One of those legislators, State Sen. Steve Oelrich R-Cross Creek, is the Senate sponsor of the legislation that commissioners may target.

Commissioners are expected to vote on whether to send the letter, which has not been drafted, during a previously scheduled special meeting on the evening of Jan. 17.



With only four board members remaining after the resignation in December of former Commissioner Rodney Long, it remains to be seen if there will be three votes to officially weigh in on the issue.

Commissioner Mike Byerly, who worked with the political action committee that collected voter signatures to get the curfew on the ballot, suggested the letter of opposition to the legislation Tuesday.

He said the Suwannee-St. Johns Group of the Sierra Club sent a letter to the county seeking that move.

Byerly said the legislation was designed to nullify an ordinance approved by local voters and he found that “galling.”

The legislation would nullify local prohibitions on airboats if those boats pass a sound test. The threshold proposed is no more than 107 decibels measured from a distance of 100 feet. That is less stringent than the current airboat noise standard in state law- 90 decibels at 50 feet.

In a December interview, Oelrich said he was working with airboat associations to have statewide noise standards so individual counties could not put in place “blanket” prohibitions that ban the vessels from counties and water bodies across the state one at a time.
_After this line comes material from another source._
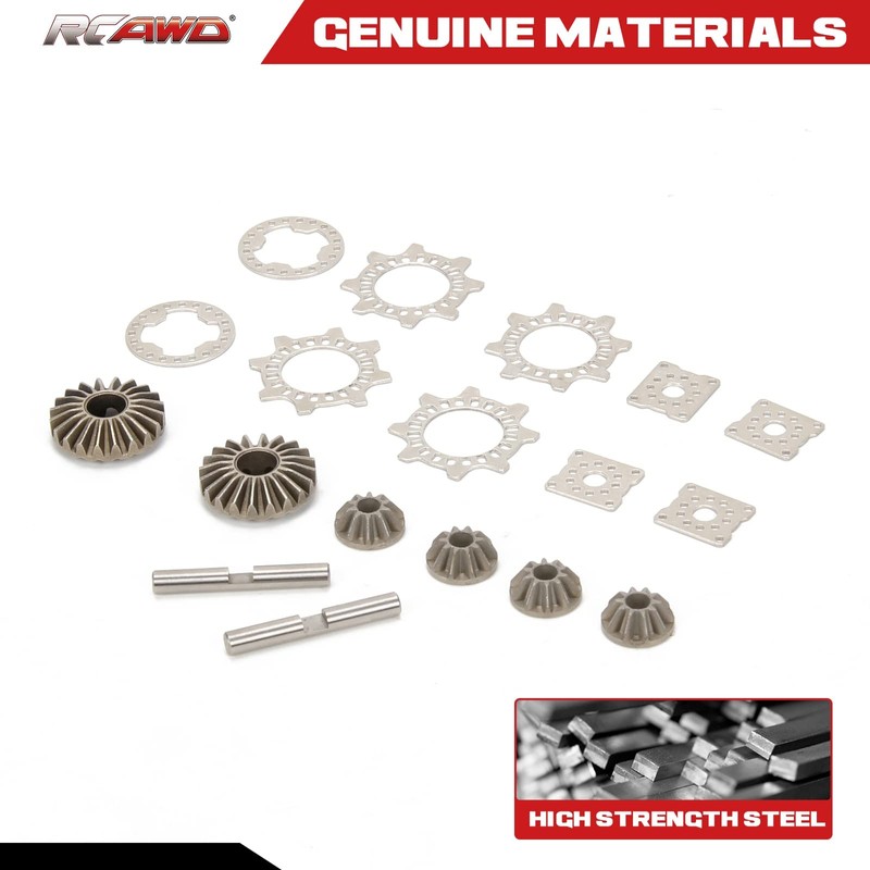 - 🔥【Spec】:The all-inclusive kit contains 4pcs 10T Satellite Gears; 2pcs 20T Planetary Gears; 2pcs Metal Cross Shafts; 2pcs Limited Diff Plate A; 4pcs Limited Diff Plate B; 4pcs Limited Diff Plate C.To be used with 29mm diff case differentials.

The decision to move ahead with the consideration of the letter passed 3-1, with Commissioner Susan Baird in dissent.

Baird said she was never a proponent of the curfew and she believed that the majority of the support for it came from voters who live miles from lakes and are not affected by it. While Commissioner Paula DeLaney agreed with Byerly's position, the wording of the letter will determine if Commissioner Lee Pinkoson supports it. Pinkoson said his support would be limited to a defense of local home rule.
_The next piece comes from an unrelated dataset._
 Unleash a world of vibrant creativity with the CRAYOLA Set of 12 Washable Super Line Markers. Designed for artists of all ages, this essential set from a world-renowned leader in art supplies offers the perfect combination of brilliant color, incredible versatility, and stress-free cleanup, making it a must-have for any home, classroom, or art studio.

Wrangling over airboat noise has been a long-standing issue in some areas of the county, primarily on and around Orange Lake, where airboats are popular, particularly for nighttime alligator hunts.

In a late November 2009 public hearing, commissioners considered several different variations of the airboat curfew - the hours shifting with each proposal- and did not have the four votes required under state law to pass a local ordinance “discriminating” against airboats.

At that time, Byerly, DeLaney and former Commissioner Cynthia Chestnut supported the curfew. Pinkoson and Long voted against it.

The political action committee Quiet Lakes for Alachua County then formed and collected voter signatures to get a 7 p.m.-7 a.m. curfew on the November 2010 ballot. The curfew passed with 56.17 percent support.